Mesenchymal Stem Cells From a Hypoxic Culture Improve and Engraft Achilles Tendon Repair

Abstract

Background: Bone marrow–derived mesenchymal stem cells (MSCs) from humans cultured under hypoxic conditions increase bone healing capacity. Hypothesis: Rat MSCs cultured under hypoxic conditions increase the tendon healing potential after transplantation into injured Achilles tendons. Study Design: Controlled laboratory study. Methods: Biomechanical testing, histological analysis, and bromodeoxyuridine (BrdU) labeling/collagen immunohistochemistry were performed to demonstrate that augmentation of an Achilles tendon rupture site with hypoxic MSCs increases healing capacity compared with normoxic MSCs and controls. Fifty Sprague-Dawley rats were used for the experiments, with 2 rats as the source of bone marrow MSCs. The cut Achilles tendons in the rats were equally divided into 3 groups: hypoxic MSC, normoxic MSC, and nontreated (vehicle control). The uncut tendons served as normal uncut controls. Outcome measures included mechanical testing in 24 rats, histological analysis, and BrdU labeling/collagen immunohistochemistry in another 24 rats. Results: The ultimate failure load in the hypoxic MSC group was significantly greater than that in the nontreated or normoxic MSC group at 2 weeks after incision (2.1 N/mm2 vs 1.1 N/mm2 or 1.9 N/mm2, respectively) and at 4 weeks after incision (5.5 N/mm2 vs 1.7 N/mm2 or 2.7 N/mm2, respectively). The ultimate failure load in the hypoxic MSC group at 4 weeks after incision (5.5 N/mm2) was close to but still significantly less than that of the uncut tendon (7.2 N/mm2).

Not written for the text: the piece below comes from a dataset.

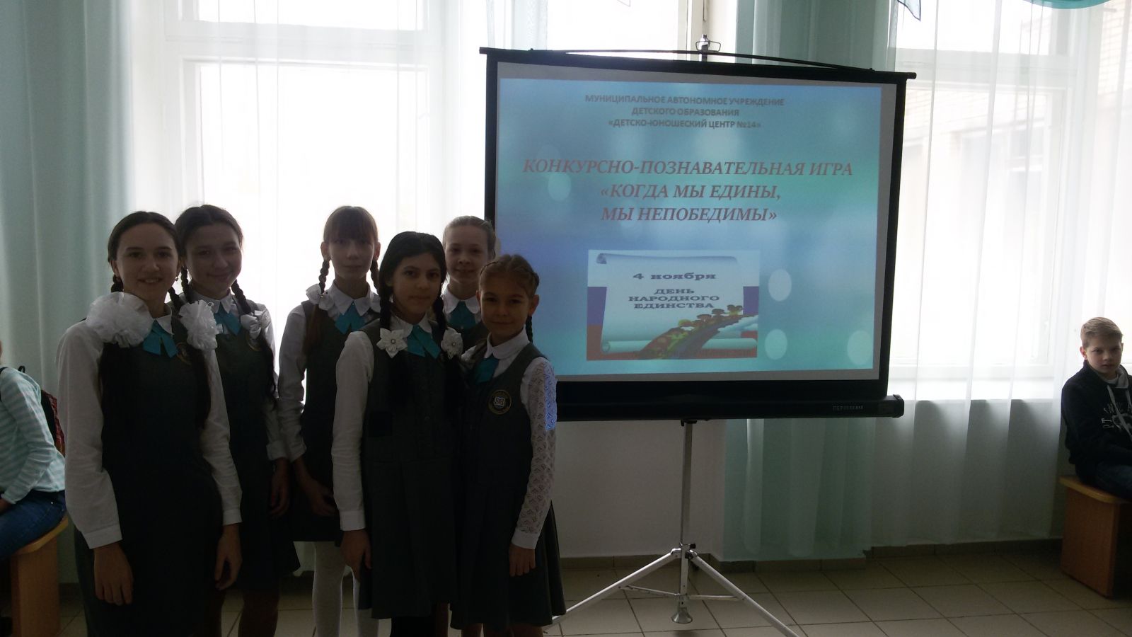 1 ноября в МАУ ДО «Детско-юношеском центре № 14» прошла конкурсно – познавательная игра «Когда мы едины, мы непобедимы!». Участниками были отряды городских программ «Зебра» и «Союз наследников Татарстана» образовательных организаций среди 6-7 классов. Командам нужно было знать: символику РФ и РТ; популярные русские и татарские пословицы;

Histological analysis as determined by the semiquantitative Bonar histopathological grading scale revealed that the hypoxic MSC group underwent a significant improvement in Achilles tendon healing both at 2 and 4 weeks when compared with the nontreated or normoxic MSC group via statistical analysis. Immunohistochemistry further demonstrated that the hypoxic and normoxic MSC groups had stronger immunostaining for type I and type III collagen than did the nontreated group both at 2 and 4 weeks after incision. Moreover, BrdU labeling of MSCs before injection further determined the incorporation and retention of transplanted cells at the rupture site. Conclusion: Transplantation of hypoxic MSCs may be a better and more readily available treatment than normoxic MSCs for Achilles tendon ruptures. Clinical Relevance: The present study provides evidence that transplantation of hypoxic MSCs may be a promising therapy for the treatment of Achilles tendon ruptures.